[Try it]
In your copy, repeat the records exactly and leave out the pictures.

##########

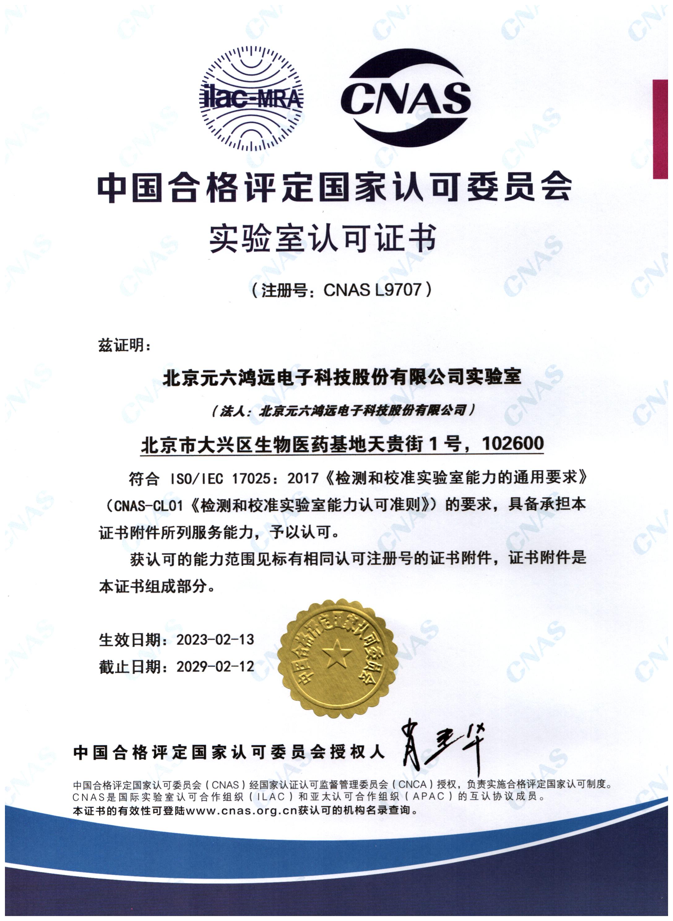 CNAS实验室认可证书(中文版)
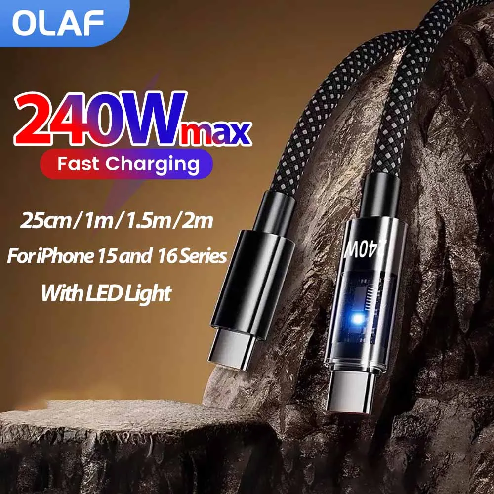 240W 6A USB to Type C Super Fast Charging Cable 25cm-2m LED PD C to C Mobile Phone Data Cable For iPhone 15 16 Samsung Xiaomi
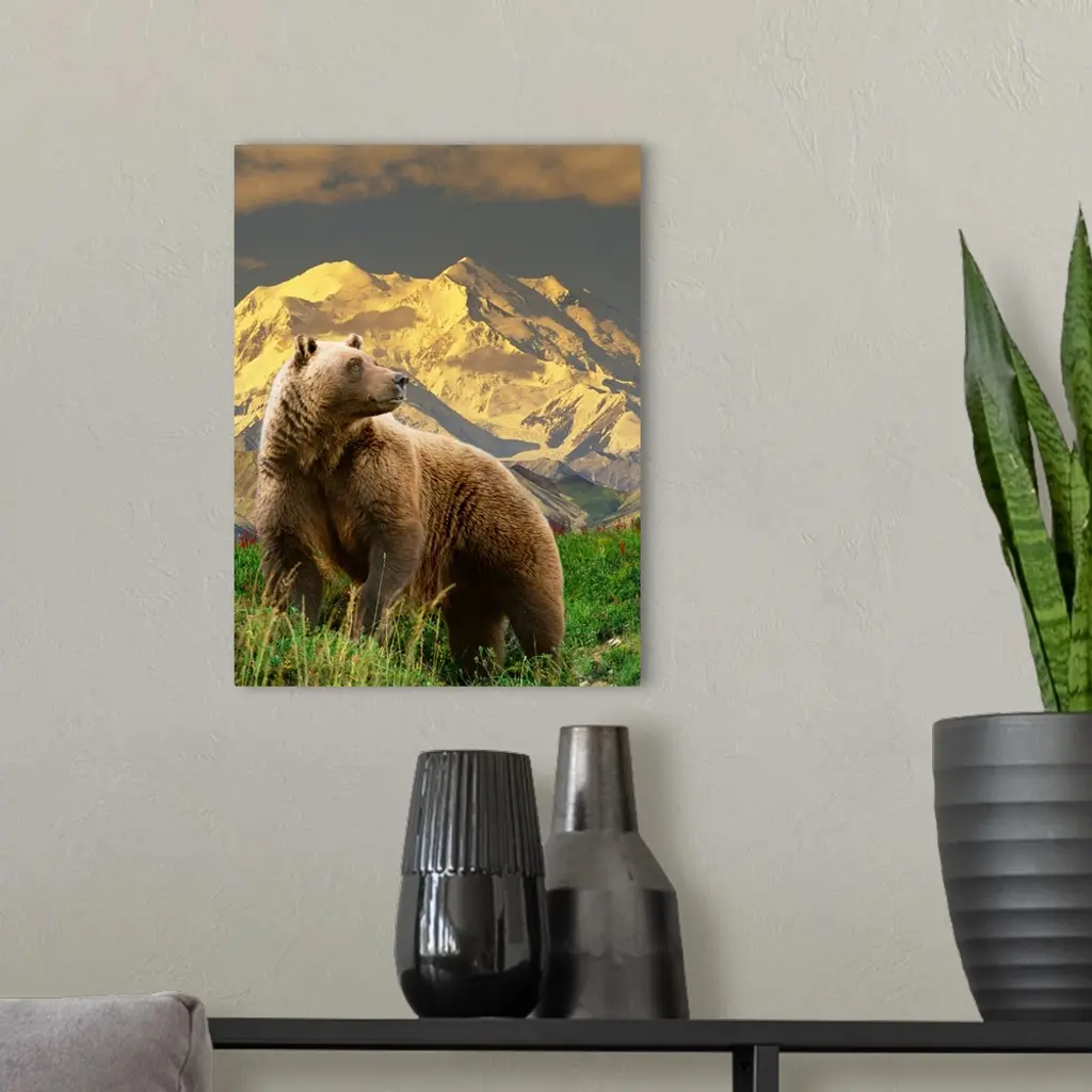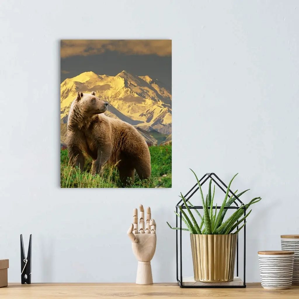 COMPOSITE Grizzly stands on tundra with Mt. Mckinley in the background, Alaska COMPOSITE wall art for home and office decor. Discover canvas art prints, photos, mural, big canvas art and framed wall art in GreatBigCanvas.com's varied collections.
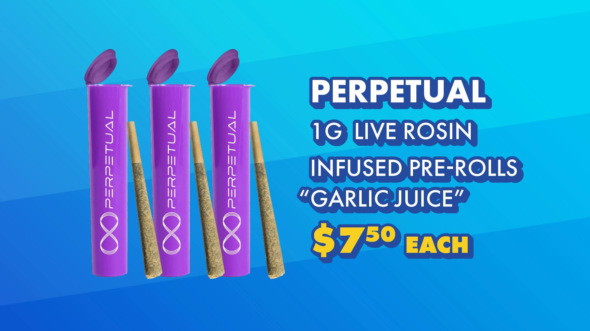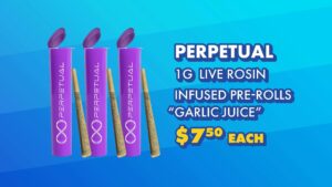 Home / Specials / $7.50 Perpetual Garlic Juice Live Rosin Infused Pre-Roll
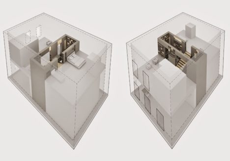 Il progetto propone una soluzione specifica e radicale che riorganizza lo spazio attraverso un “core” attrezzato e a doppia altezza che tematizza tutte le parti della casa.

##########

[Answer space]
 CNAS实验室认可证书(中文版)
 240W 6A USB to Type C Super Fast Charging Cable 25cm-2m LED PD C to C Mobile Phone Data Cable For iPhone 15 16 Samsung Xiaomi
 COMPOSITE Grizzly stands on tundra with Mt. Mckinley in the background, Alaska COMPOSITE wall art for home and office decor. Discover canvas art prints, photos, mural, big canvas art and framed wall art in GreatBigCanvas.com's varied collections.
 Home / Specials / $7.50 Perpetual Garlic Juice Live Rosin Infused Pre-Roll
 Il progetto propone una soluzione specifica e radicale che riorganizza lo spazio attraverso un “core” attrezzato e a doppia altezza che tematizza tutte le parti della casa.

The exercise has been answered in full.